[Task directions]
The output should match, line for line, the records from the line containing "Ce costume comprend" through the line containing "A woman in black", with every picture left out.

[Task input]

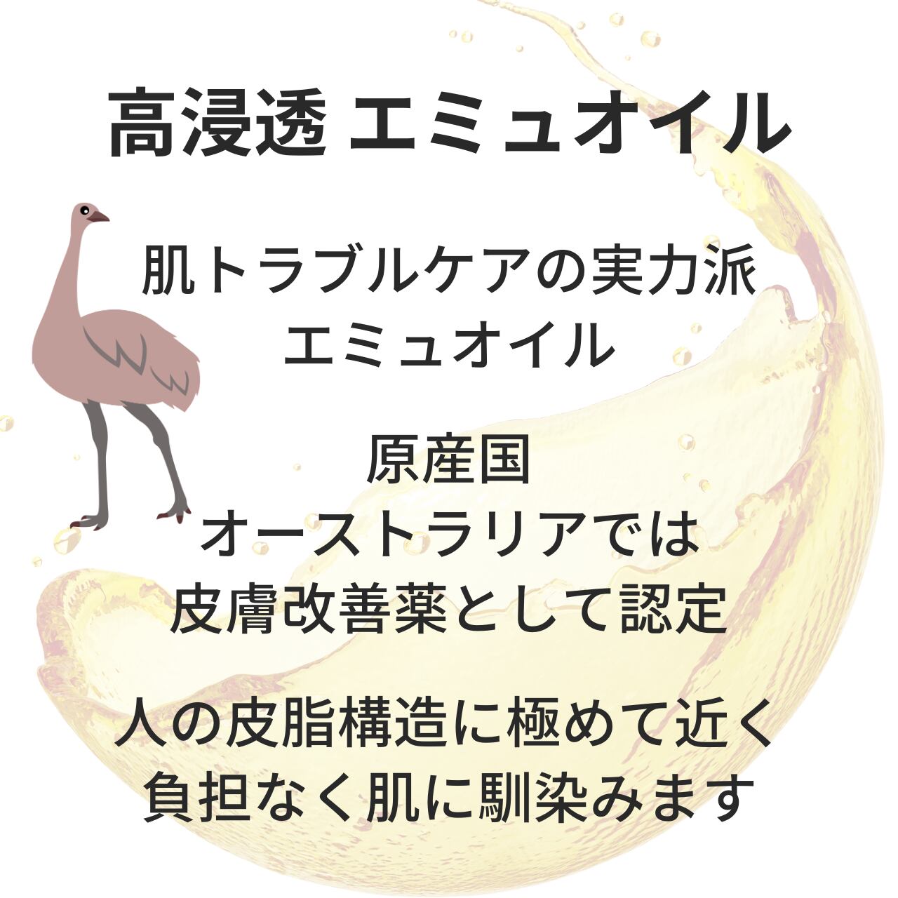 *¹エミュー油 *² ホホバ種子油 *³腐植土抽出物 *⁴ 加水分解(ビフィズス菌/エンテロコッカスファエシウム/乳酸桿菌/ストレプトコッカスサーモフィルス)/豆乳発酵カード(整肌成分)
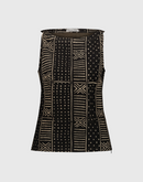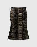 Sleeveless top in classic artisanal Bogolan (mudcloth) print cotton
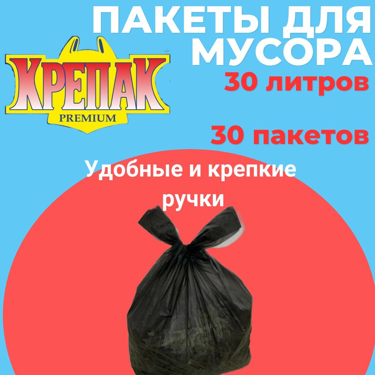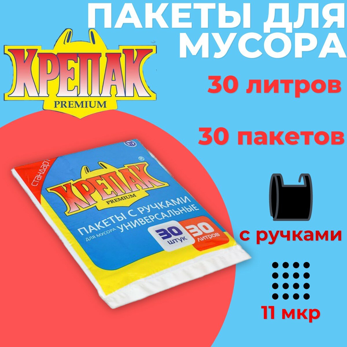 Купить Мешки для мусора Крепак с ручками 30л х 30шт (ПНД, 11 мкм), стопа
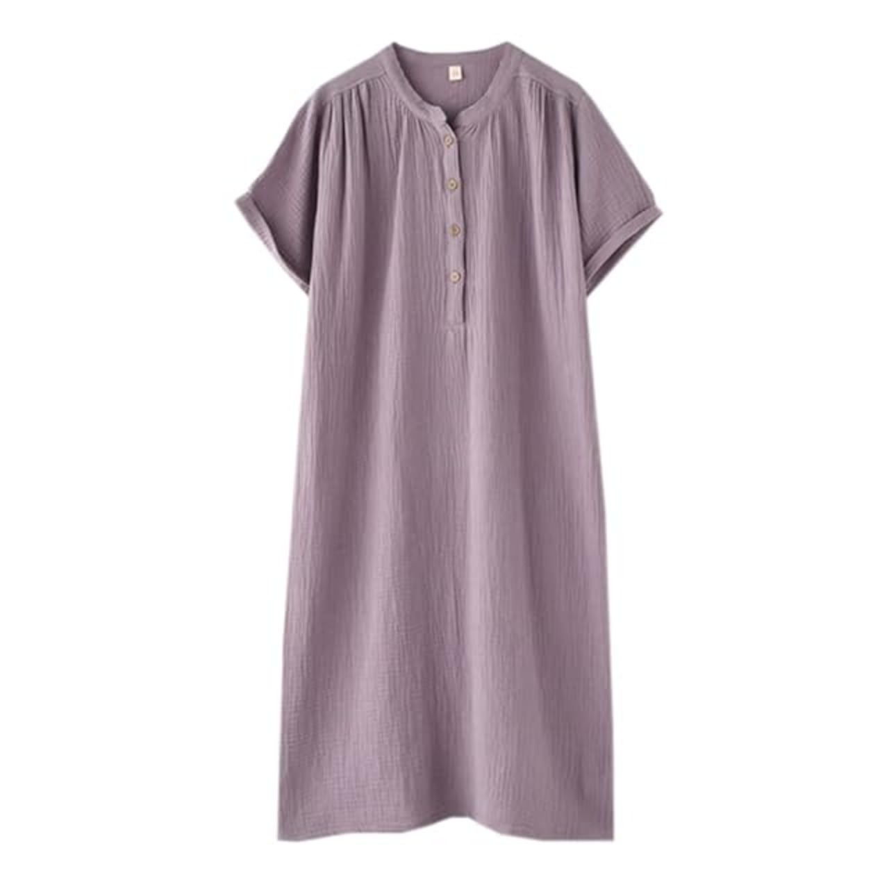 [TDIOSN] パジャマ レディース ワンピース ネグリジェ 二重ガーゼ 半袖 前半開き 柔らか 通気速乾 ルームウェア 入院 産後 マタニティ 母の日 ギフト プレゼント女性 婦人 春夏秋 (パープル, LL)
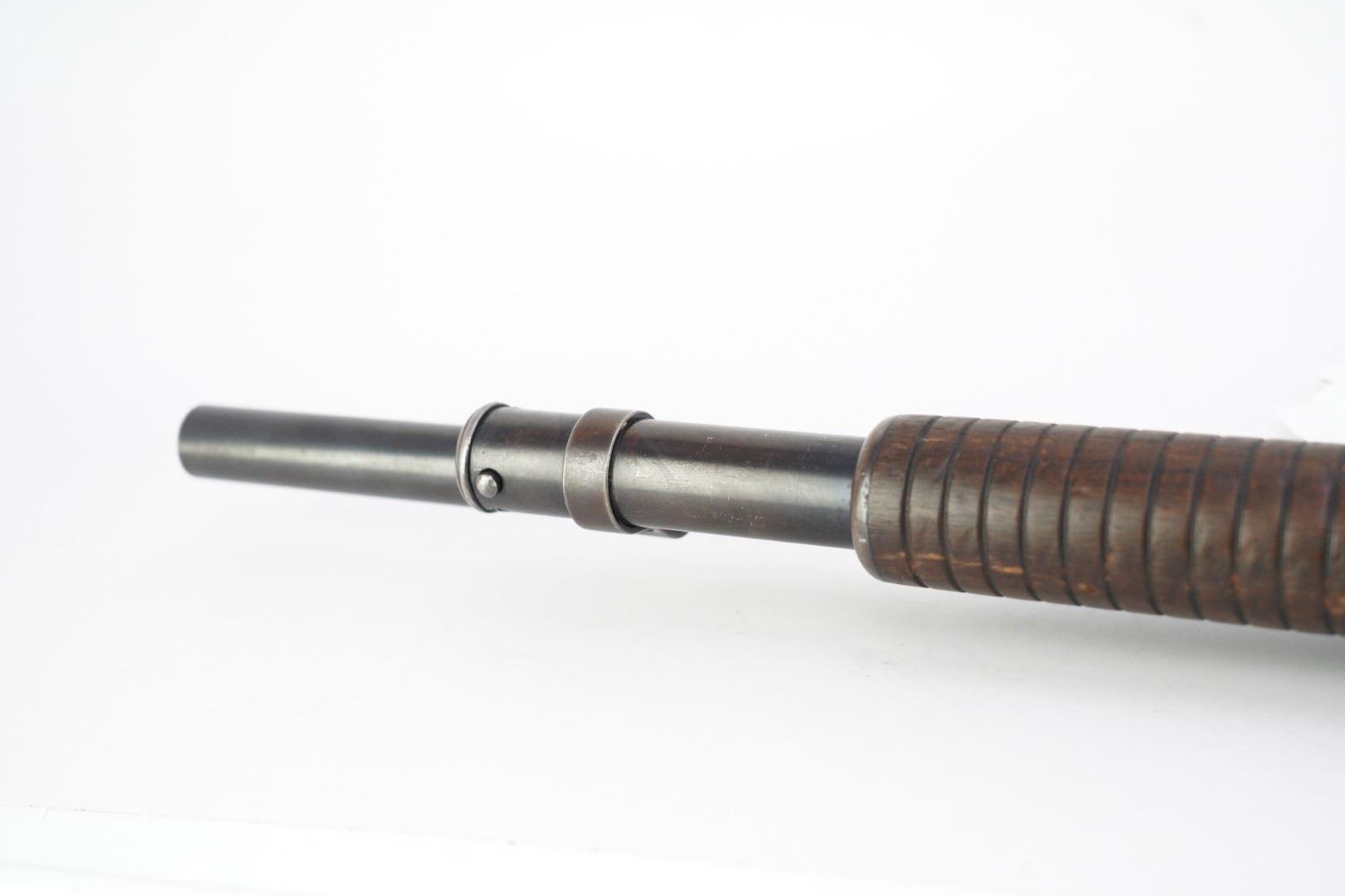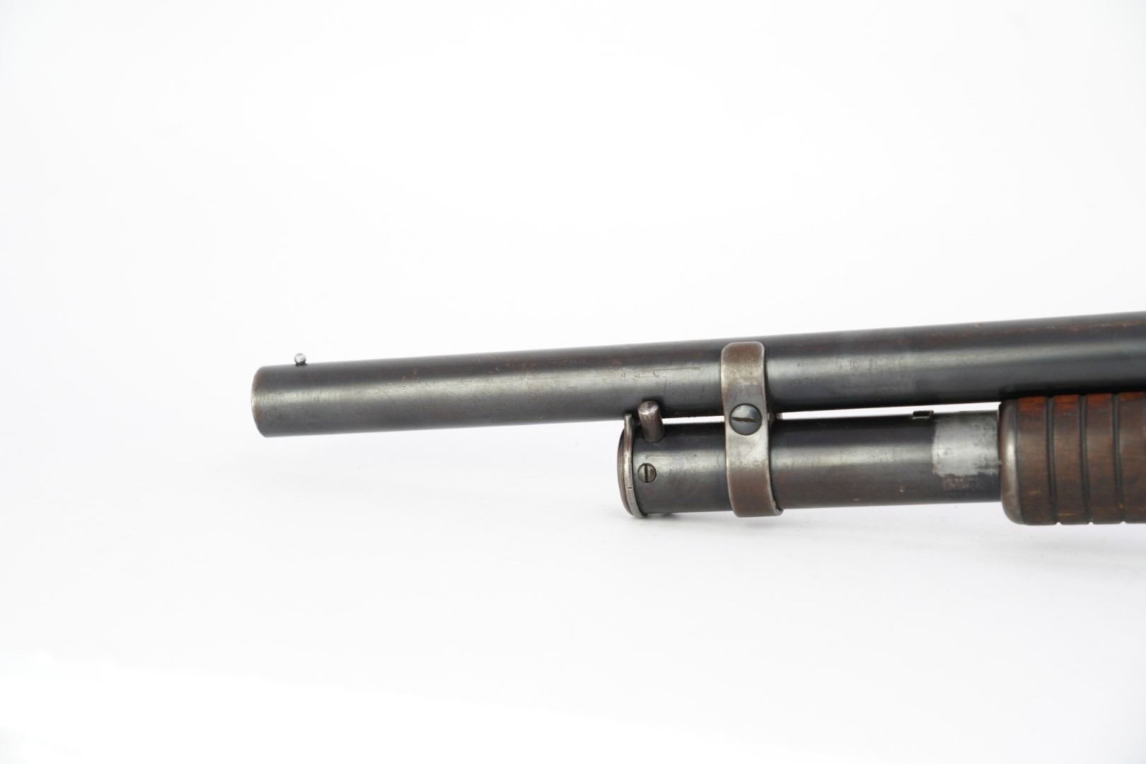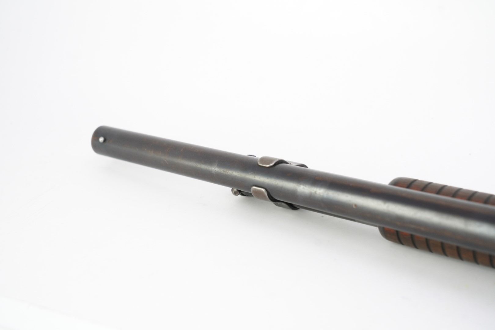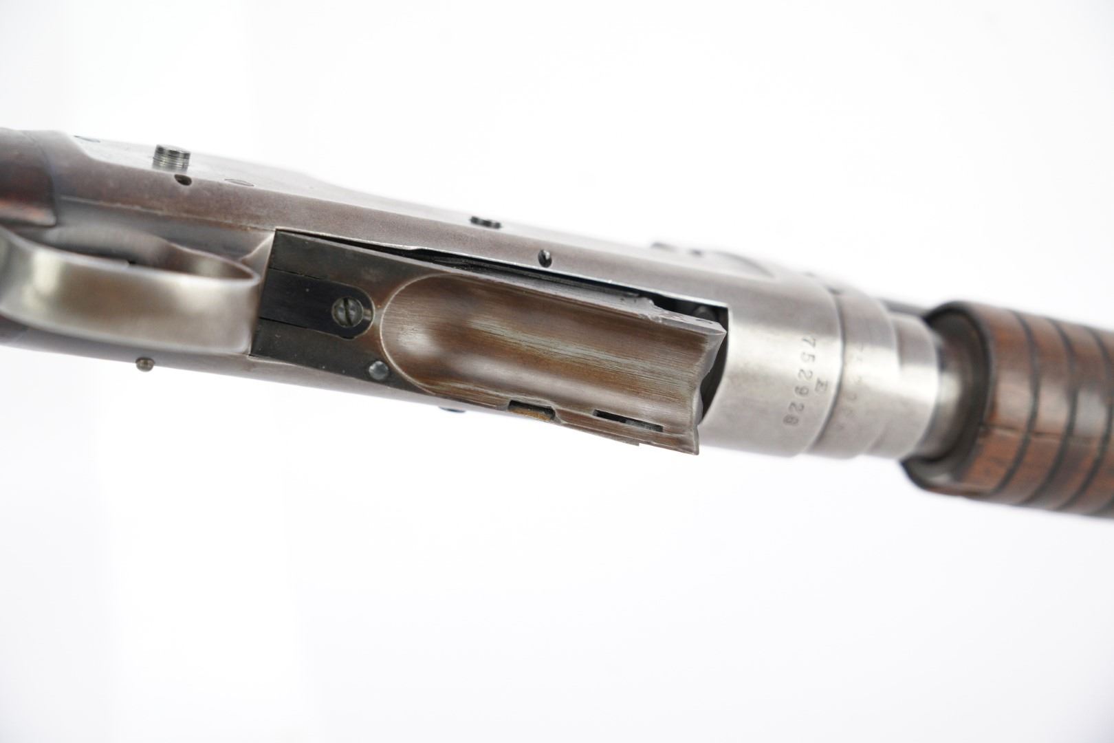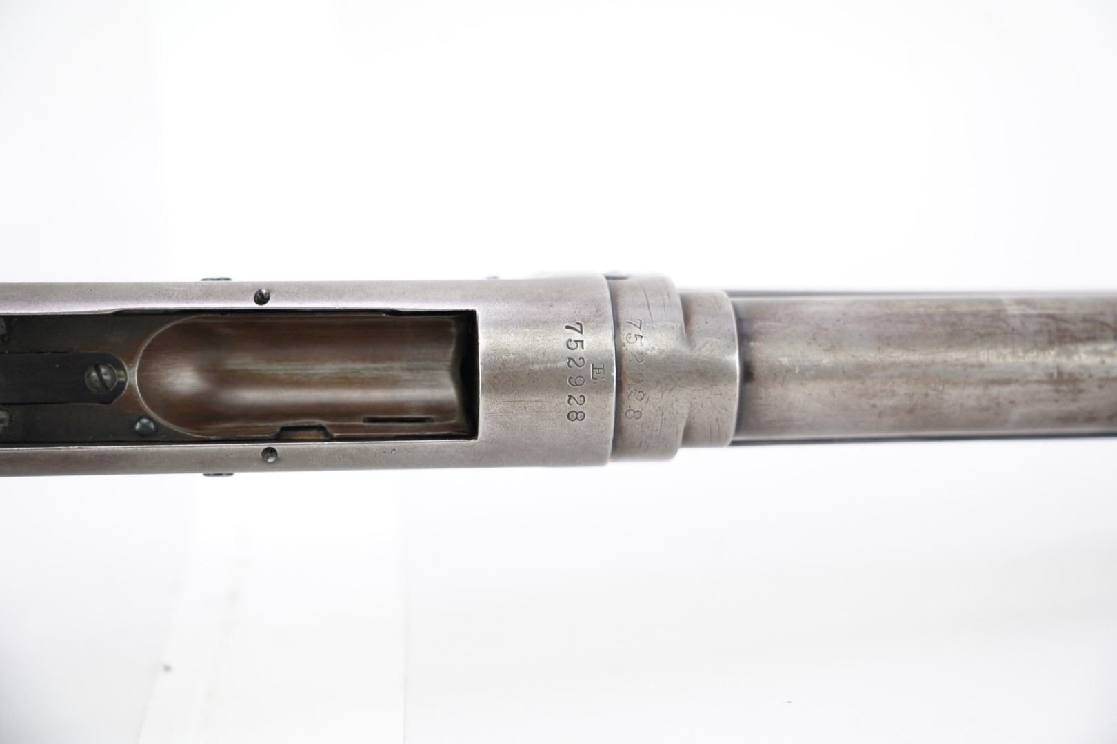 Overall Condition: This shotgun retains about 80% of its metal finish. The balance of the finish shows part of the barrel and the majority of the receiver have gone to a brownish patina. There is moderate operational wear on the magazine tube. There are scattered nicks, dings, scratches and handling marks throughout. There is thinning and contact wear at some of the leading edges. The screw heads are well-defined. The markings are clear. Overall, this shotgun is in Very Good condition.
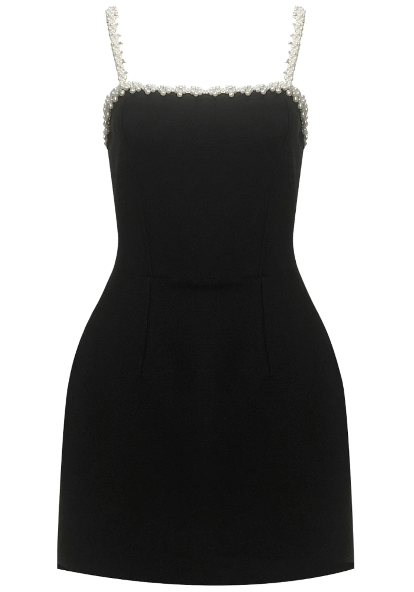 This stunning black A-line mini dress features a V-neck, sleeveless design with adjustable spaghetti straps and elegant pearl embellishments. Crafted from high-quality 90% Rayon, 9% Nylon, and 1% Spandex for anti-wrinkle, vibrant colors, and exceptional durability. The YKK zipper ensures reliable closure. Care instructions provided for lasting beauty. Add this versatile piece to your wardrobe for a chic look. Color may vary slightly in images.
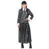 Ce costume comprend une veste, un haut et une jupe et est conçu pour recréer l'uniforme scolaire de l'iconique personnage. La veste, dans des tons de gris, arbore l'écusson de la Nevermore Academy, l'école fréquentée par Mercredi Addams. Elle se ferme avec des boutons et on y retrouve de petites poches sur les côtés pour plus de praticité. Le déguisement inclut également un haut gris avec un col blanc et une cravate noire, complétant l'ensemble de manière élégante. La jupe, assortie à la veste, est longue et conserve les mêmes teintes grisées.
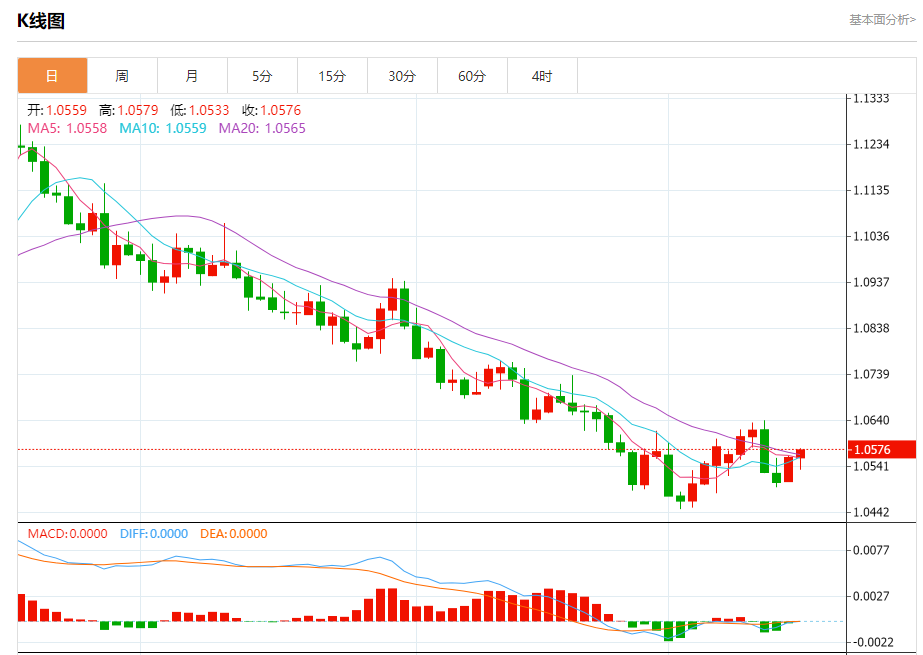 周二晚间,美元指数现报106.113,跌幅0.08%,现对美元兑欧元、英镑、日元主要货币对分析表述如下: 欧元/美元 汇价高见1.0579,低见1.0533。上一交易日,汇价收于1.0560。 基本面:在周一举行的欧元区财长闭门会议上,欧洲央行行长表示,欧洲央行正密切关注巴以冲突下油价对
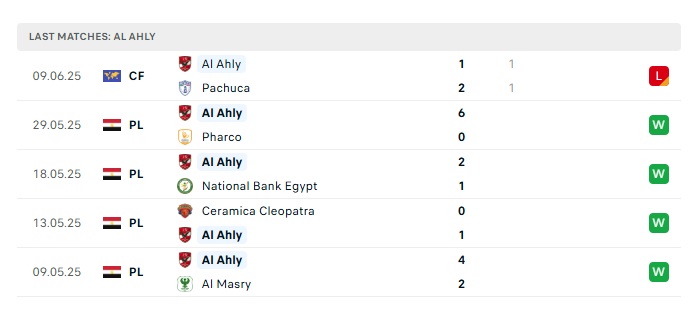 Phong độ gần đây Ahly Cairo vs Inter Miami
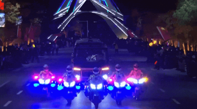 出征仪式后,在礼宾摩托车队护卫下,神舟十九号乘组蔡旭哲、宋令东、王浩泽3名航天员乘车前往发射场。
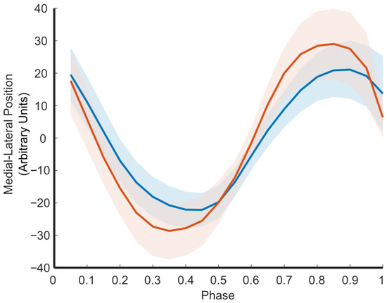 - Takada, Y.; Atomi, T.; Yagi, T.; Yamamoto, S.; Tomita, M.; Shimizu, M.; Atomi, Y. Effects of step width and gait speed on the variability of mediolateral control in the head and trunk during gait. PLoS ONE 2025, 20, e0320652. [Google Scholar] [CrossRef]
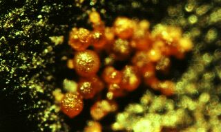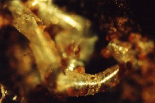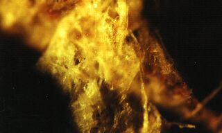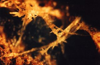 Even more remarkable was the fact that on the underside of the plug, there was a mass of bacterial debris that had floated up the water column more slowly than the P/A and so collected on the underside. Photomicrography revealed structures that have also been seen in rusticles from the RMS Titanic and also from plugging water wells. Three basic structures were observed in the biological debris under the P/A disc. These included:
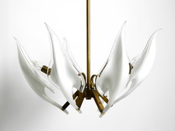 Prachtige grote messing kroonluchter uit 1950 met wit en doorzichtig Murano glas van Franco Luce | Made in Italy
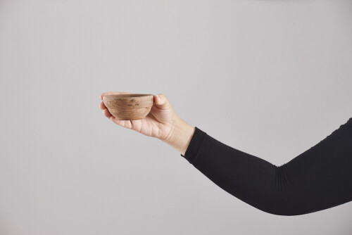 A woman in black abaya holding different wooden essentials in different positions
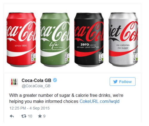 В новой рекламе Coca-Cola призывает потребителей внимательнее относиться к своему здоровью и отдавать предпочтение напиткам с пониженным содержанием сахара. В настоящее время продажи низкокалорийной газировки составляют 43% всего оборота компании, к 2020 году представители Coca-Cola планируют довести этот показатель до 50%.
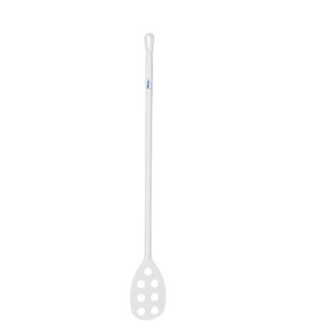Small blade with holes and a long handle. The holes allow the ingredients to pass through the stirrer blade and ease stirring.
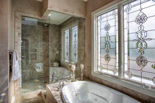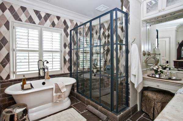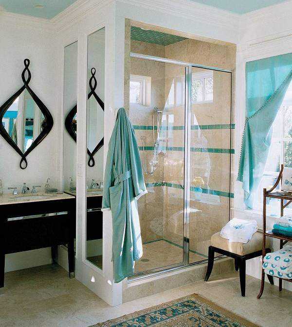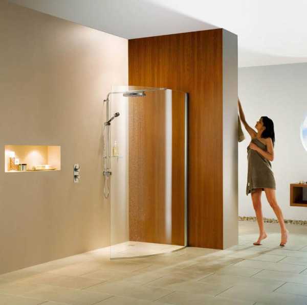 Очень интересно и уютно выглядят душевые, расположенные в нише или отделенные от ванной частью стены. Стеклянные двери и ограждения призваны сохранять внутри них тепло и защищать остальную часть комнаты от влаги.
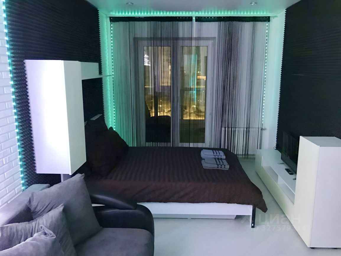 Комната: кровать с матрасом 140х200, 2 прикроватные тумбы, диван 140х200, встроенный шкаф, телевизор, несколько комплектов качественного (сатин) постельного белья и полотенец, натяжной потолок.
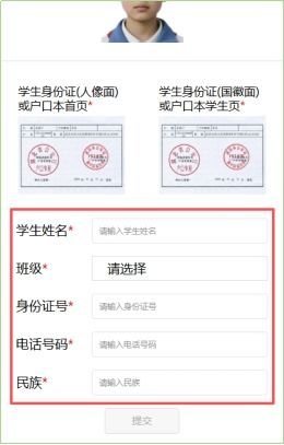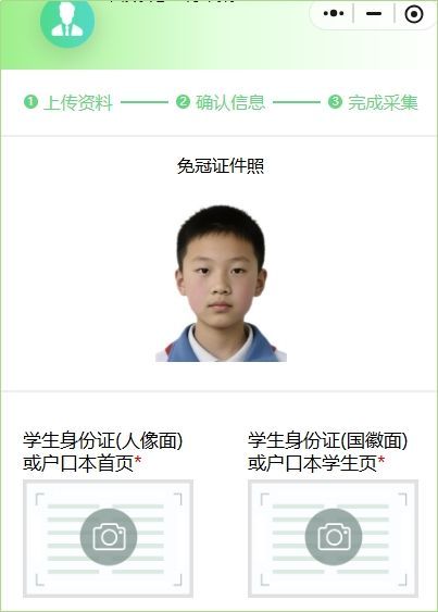 四、同样方式,拍照上传学生身份证(国徽面),或户口本学生本人页

[Solution below]
 Ce costume comprend une veste, un haut et une jupe et est conçu pour recréer l'uniforme scolaire de l'iconique personnage. La veste, dans des tons de gris, arbore l'écusson de la Nevermore Academy, l'école fréquentée par Mercredi Addams. Elle se ferme avec des boutons et on y retrouve de petites poches sur les côtés pour plus de praticité. Le déguisement inclut également un haut gris avec un col blanc et une cravate noire, complétant l'ensemble de manière élégante. La jupe, assortie à la veste, est longue et conserve les mêmes teintes grisées.
 周二晚间,美元指数现报106.113,跌幅0.08%,现对美元兑欧元、英镑、日元主要货币对分析表述如下: 欧元/美元 汇价高见1.0579,低见1.0533。上一交易日,汇价收于1.0560。 基本面:在周一举行的欧元区财长闭门会议上,欧洲央行行长表示,欧洲央行正密切关注巴以冲突下油价对
 Phong độ gần đây Ahly Cairo vs Inter Miami
 出征仪式后,在礼宾摩托车队护卫下,神舟十九号乘组蔡旭哲、宋令东、王浩泽3名航天员乘车前往发射场。
 - Takada, Y.; Atomi, T.; Yagi, T.; Yamamoto, S.; Tomita, M.; Shimizu, M.; Atomi, Y. Effects of step width and gait speed on the variability of mediolateral control in the head and trunk during gait. PLoS ONE 2025, 20, e0320652. [Google Scholar] [CrossRef]
 Even more remarkable was the fact that on the underside of the plug, there was a mass of bacterial debris that had floated up the water column more slowly than the P/A and so collected on the underside. Photomicrography revealed structures that have also been seen in rusticles from the RMS Titanic and also from plugging water wells. Three basic structures were observed in the biological debris under the P/A disc. These included:
 Prachtige grote messing kroonluchter uit 1950 met wit en doorzichtig Murano glas van Franco Luce | Made in Italy
 A woman in black abaya holding different wooden essentials in different positions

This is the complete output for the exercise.